Drug therapy injects change into wary recovery community

woman with cup

Elizabeth Smith is two years into recovery from a 15-year heroin addiction. There are many things in her future about which she is uncertain. One thing she knows for sure, however, is that her Oxford House, where she lives with four other women in recovery, has become the foundation stone of her sobriety.

Any of the women in Smith’s house can, without explanation, insist that one of the others immediately take a drug test. One failed test means the housemate must leave. That’s how committed the women in Smith’s house — all previous hard-core addicts — are to sobriety.

Smith is also certain that she doesn’t like the idea that her Oxford House, and the 45 other Oxford Houses in the Portland area, will now no longer be able to insist on a completely clean and sober environment. At least not according to her definition.

Whether Smith likes it or not, addicts who have opted for methadone treatment, and who wish to live at an Oxford House, can no longer be kept out. State health and housing officials, under pressure from the federal government, are telling Oxford Houses throughout the country that people taking methadone are protected under the Americans With Disabilities Act and cannot be discriminated against when they apply for housing.

But for heroin addicts such as Smith, methadone patients have simply traded one high for another, and being around them is like being around other users — the last thing someone in recovery should do.
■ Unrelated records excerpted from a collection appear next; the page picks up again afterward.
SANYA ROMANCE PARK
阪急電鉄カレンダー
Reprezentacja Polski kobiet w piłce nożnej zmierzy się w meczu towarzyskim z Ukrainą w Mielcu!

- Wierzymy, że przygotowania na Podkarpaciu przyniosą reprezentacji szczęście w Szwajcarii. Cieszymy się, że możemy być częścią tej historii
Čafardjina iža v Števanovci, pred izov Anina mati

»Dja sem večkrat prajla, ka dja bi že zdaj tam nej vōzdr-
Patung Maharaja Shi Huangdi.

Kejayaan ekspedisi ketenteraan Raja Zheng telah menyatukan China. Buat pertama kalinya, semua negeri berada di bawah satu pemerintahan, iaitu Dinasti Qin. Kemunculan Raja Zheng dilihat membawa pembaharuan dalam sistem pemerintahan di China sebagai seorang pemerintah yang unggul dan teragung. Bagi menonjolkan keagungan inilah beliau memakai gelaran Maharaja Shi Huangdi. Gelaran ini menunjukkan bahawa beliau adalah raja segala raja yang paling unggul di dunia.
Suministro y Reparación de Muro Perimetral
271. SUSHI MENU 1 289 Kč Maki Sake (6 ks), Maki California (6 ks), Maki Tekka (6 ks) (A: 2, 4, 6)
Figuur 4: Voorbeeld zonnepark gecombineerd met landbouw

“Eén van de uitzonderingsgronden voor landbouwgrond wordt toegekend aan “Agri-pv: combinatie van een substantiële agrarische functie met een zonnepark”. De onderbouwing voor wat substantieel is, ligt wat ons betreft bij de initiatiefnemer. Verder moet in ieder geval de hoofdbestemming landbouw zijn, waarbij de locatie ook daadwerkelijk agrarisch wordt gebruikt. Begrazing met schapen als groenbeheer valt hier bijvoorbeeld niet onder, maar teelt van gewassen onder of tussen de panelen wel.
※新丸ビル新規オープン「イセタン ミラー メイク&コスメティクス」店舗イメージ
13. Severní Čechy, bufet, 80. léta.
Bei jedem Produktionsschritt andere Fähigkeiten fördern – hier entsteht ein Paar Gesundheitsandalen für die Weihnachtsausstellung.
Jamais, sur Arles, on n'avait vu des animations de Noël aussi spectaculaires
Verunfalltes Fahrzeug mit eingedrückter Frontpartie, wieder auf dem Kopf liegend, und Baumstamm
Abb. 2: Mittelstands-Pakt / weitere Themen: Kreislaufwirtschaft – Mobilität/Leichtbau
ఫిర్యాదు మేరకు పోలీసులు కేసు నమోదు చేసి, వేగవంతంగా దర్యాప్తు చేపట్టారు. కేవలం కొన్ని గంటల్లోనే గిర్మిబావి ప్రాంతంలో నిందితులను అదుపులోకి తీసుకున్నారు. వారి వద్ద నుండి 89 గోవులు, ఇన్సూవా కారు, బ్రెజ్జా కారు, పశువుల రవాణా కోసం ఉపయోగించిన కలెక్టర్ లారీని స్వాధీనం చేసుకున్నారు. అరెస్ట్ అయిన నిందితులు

“If we voted someone in here who was on methadone I would not be safe,” says Smith, who years ago tried methadone treatment herself. “Just seeing the person under the influence of it, not necessarily even nodding out, just the flush, the sweats, seeing those things would make me think about it and how much I like that feeling. Knowing it is in the house, whether it’s in a $5 lock box or not, I wouldn’t be safe.”

Oxford Houses are the most popular recovery housing in the Portland area. They are universally hailed by addiction counselors, who often turn to the houses when their patients need a supportive place to live after months of inpatient treatment. But the changes they are undergoing are part of a widespread evolution in Portland’s addiction recovery scene.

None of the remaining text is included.